You can also swap in hashlib.sha256 or hashlib.sha512 for stronger hash algorithms. Some services (like Steam) use a different number of digits or a different time step; those are just parameters.

---

9. Building a Terminal Authenticator

Having the totp() function is useful, but to make it practical you need:

• A loop that refreshes every second.
• A visual timer showing when the current code expires.
• A table of multiple accounts.

The main loop only redraws when the 30-second window changes (avoiding flicker), and remaining_time = time_step - (current_time % time_step) drives a progress bar that counts down to the next rotation.
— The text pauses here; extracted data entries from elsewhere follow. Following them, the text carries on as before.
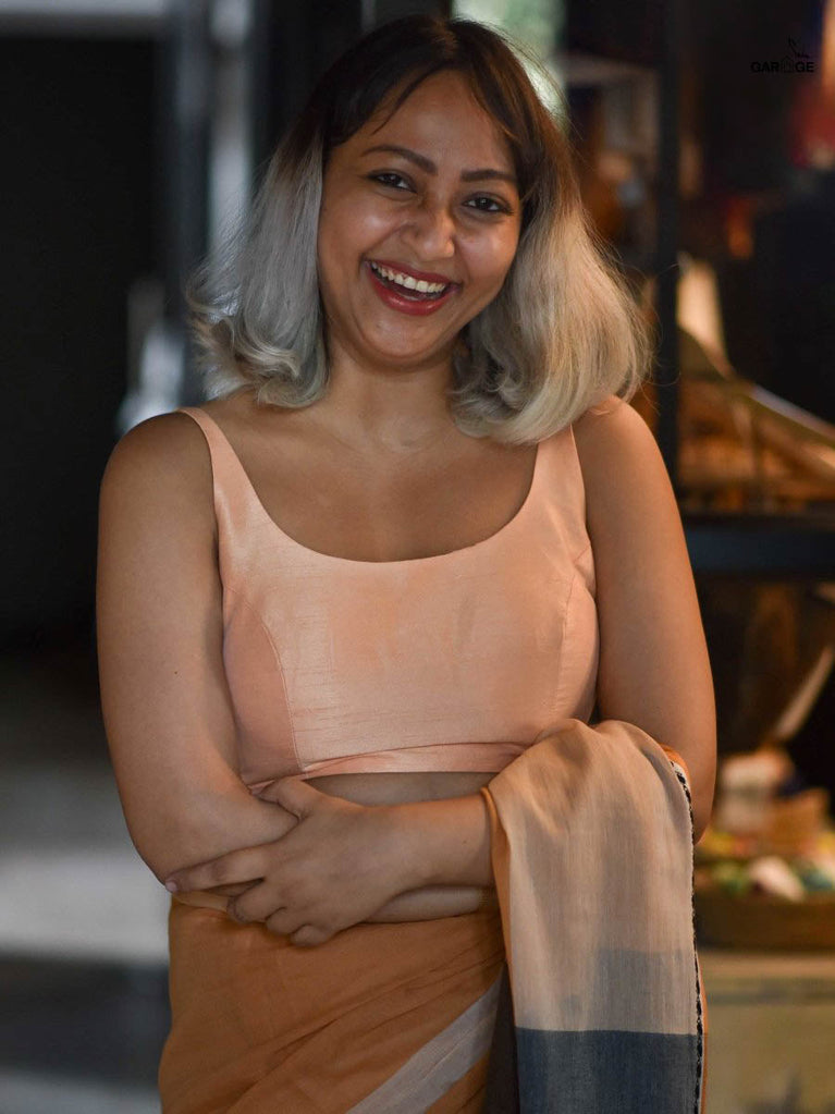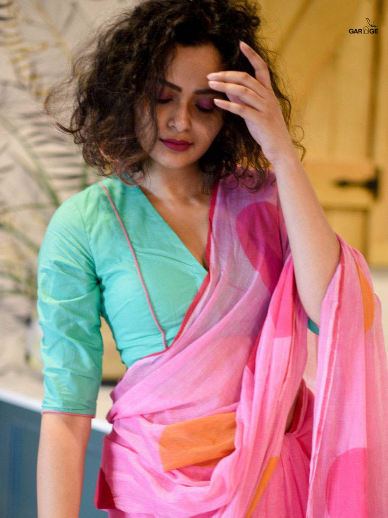 Su, the model is wearing size S blouse and the saree is Fireflies in the Garden Polka.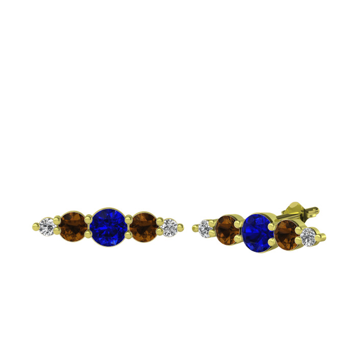 Lab safir, dumanlı kuvars ve swarovski 14 ayar altın küpe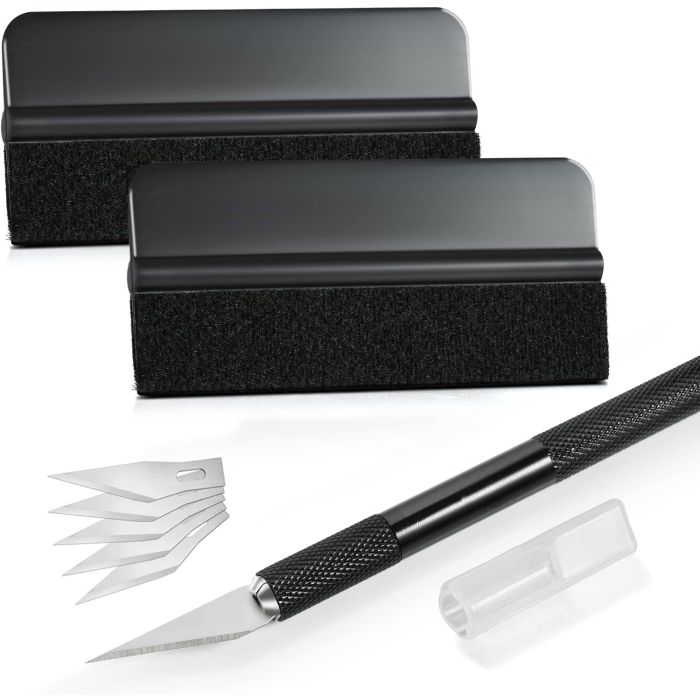 Folierungs-Werkzeug-Set mit Präzisionsmesser und Folienrakel (Schwarz)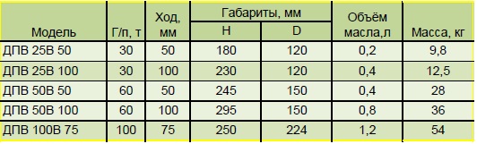 Характеристики — Домкраты ДПВ 25В 50,ДПВ 25В 100,ДПВ 50В 50,ДПВ 50В 100,ДПВ 100В 75.Полый поршень. Возврат пружиной.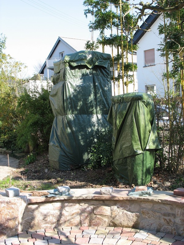 Hier noch ein Foto mit Winterschutz (dicht verpackt mit Gewebeplanen), nur die Mulchschicht am Fuß der Stellage habe ich bereits vor 3 Wochen entfernt.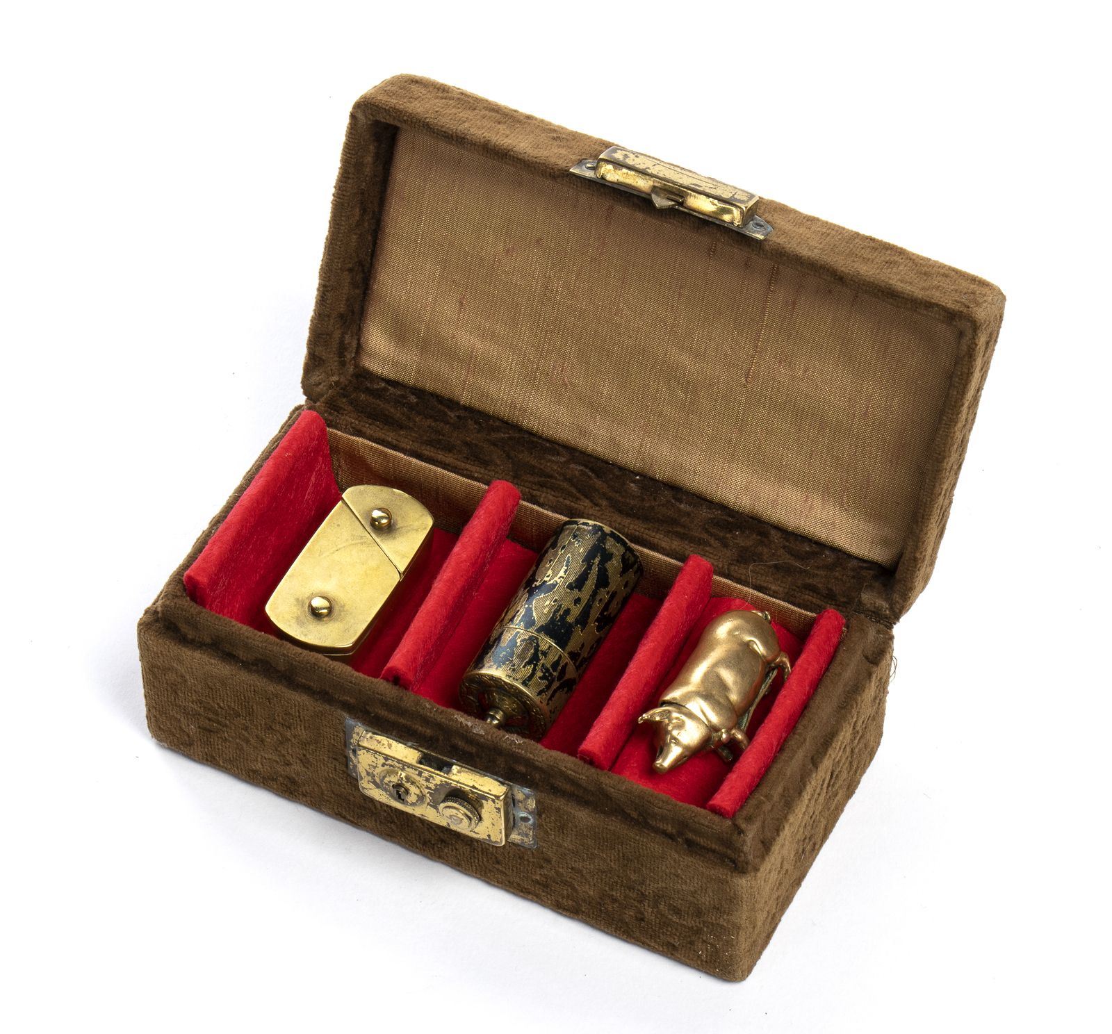 Scatola con tre portafiammiferi. Fine XIX sec.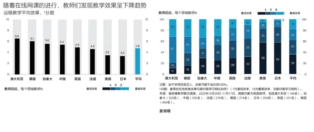 * 来源:麦肯锡教师意见调查:学习效能的损失是全球性的,且影响非常明显(2021年)。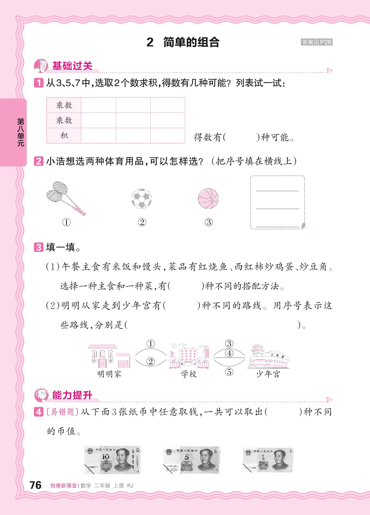 2024秋上册二年级数学人教版 第八单元 数学广角 搭配(一)——2. 简单的组合_R240816143459326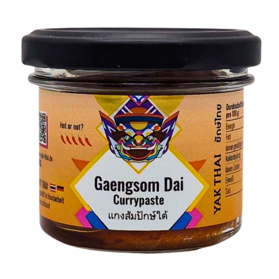 - „Gaengsom Dai“ ist eine scharfe, säuerliche Currypaste aus dem Süden (Dai) Thailands, die traditionell für suppenartige Currys mit Fisch oder Meeresfrüchten verwendet wird. Anders als cremige Kokos-Currys basiert dieses Gericht auf einer klaren Brühe, die durch die Paste eine kräftige, zitronige und feurige Note erhält.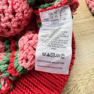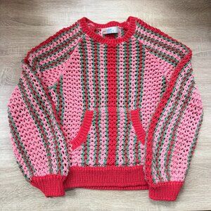 New Free People Dayton Pullover Crochet Knit Striped Sweater Red Pink XS

The table uses Unicode box-drawing characters for a clean look in any modern terminal. Here’s the complete script:

Here’s the full script — a self-contained terminal authenticator with no TOTP library dependency:

#!/usr/bin/env python
import time
import hmac
import hashlib
import base64
import os
import shutil
from colorama import Fore, Style, init

# Initialize colorama
init()

tOTP_ART = f"""
{Fore.RED}▗ {Fore.GREEN}▄▖{Fore.YELLOW}▄▖{Fore.BLUE}▄▖{Style.RESET_ALL}
{Fore.MAGENTA}▜▘{Fore.CYAN}▌▌{Fore.RED}▐ {Fore.GREEN}▙▌{Style.RESET_ALL}
{Fore.YELLOW}▐▖{Fore.BLUE}▙▌{Fore.MAGENTA}▐ {Fore.CYAN}▌{Style.RESET_ALL}
"""

def totp(secret, time_step=30, digits=6, hash_algorithm=hashlib.sha1):
    """Generates a Time-based One-Time Password (TOTP)."""
    try:
        secret_bytes = base64.b32decode(secret, casefold=True)
    except base64.binascii.Error:
        raise ValueError("Invalid secret key. Must be base32 encoded.")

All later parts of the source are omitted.